Thank you Tommy for your wonderful words about my father. He was a brave, truthful, loving person. I am so proud of all the things he did in his life. I would also like to thank all the folks for there kind thoughts.
God Bless You All,
Mitchell Haywood Cooper

Bob said...

This great story (thank you, Tommy) endures. I just (3/4/2015) shared the link to this excellent story about Woody Cooper (RIP) with friends with whom I was discussing the sad incident in 1957 of Dorothy Counts — that brave young girl walking so steadfastly in her beautiful dress, her head held high.

Thank you, Tommy Tomlinson.

Anonymous said...

How in the world story of a hero? Dorothy is the hero he is not the heroes you said he did not taunt her or Abuse her but neither did he help her.

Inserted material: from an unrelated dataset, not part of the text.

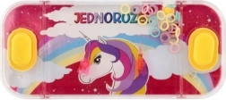 A fun pocket game for kids that trains patience and focus. Use two buttons to set the rings in the water in motion and try to place them onto small pegs. Lightweight, portable, and with a cute unicorn theme – ideal for travel and waiting rooms.

You know not making a decision is making a decision he could have stood out that day and taken the idiots behind her and kept them off her but he chose not to chose to stand in the background and watch her be taunted and destroy that's no hero to me

Anonymous said...

Wow. just came across this blog post researching Dorothy Counts. Masterfully written, Tommy...Some great wording in there.

Unknown said...

I can respect a man more for being brave and speaking out before his last days living. Too many people like to speak their peace and shame before they die. I feel this is due to shame, guilt and the need of redemption. The question is, "Why not before"?

bridget johnson said...

They became close friends and remember he was a child, it is the teacher's you should mad at because the children was copying their behaviour towards Dorothy ...

tony lee said...

thisi amazing.. a history of unknown..

Anonymous said...

And here we are in 2023 when racism is more than alive and well in america. We are a sad country with a violent history and continue to bury our heads in denial

Anonymous said...

Maybe you should have read the story again. These two individuals, a black woman and a white man became best friends. Maybe things didn't playout the way you felt they should have, but in fact they truly did. I had heard Ms Counts talk about Mr Cooper. There was no hate at any time for her toward him nor him for her. Only the good came out in the end for both of them to share with one another and cherrish. True admiration for one another.

Amanda said...

Those Black men, women and children kept their heads up and focus on Jesus instead of the bigoted demons before them. They were and still are better than those racists who are burning in Hell if they didn't repent of the hate in their hearts. Woody made the cut just in time.

Anonymous said...

May he rest in peace. If he were a brave man,he would have taken up for Dorothy back then and not did the things he did. Yes I'm posting Anonymous. But I'm a white female.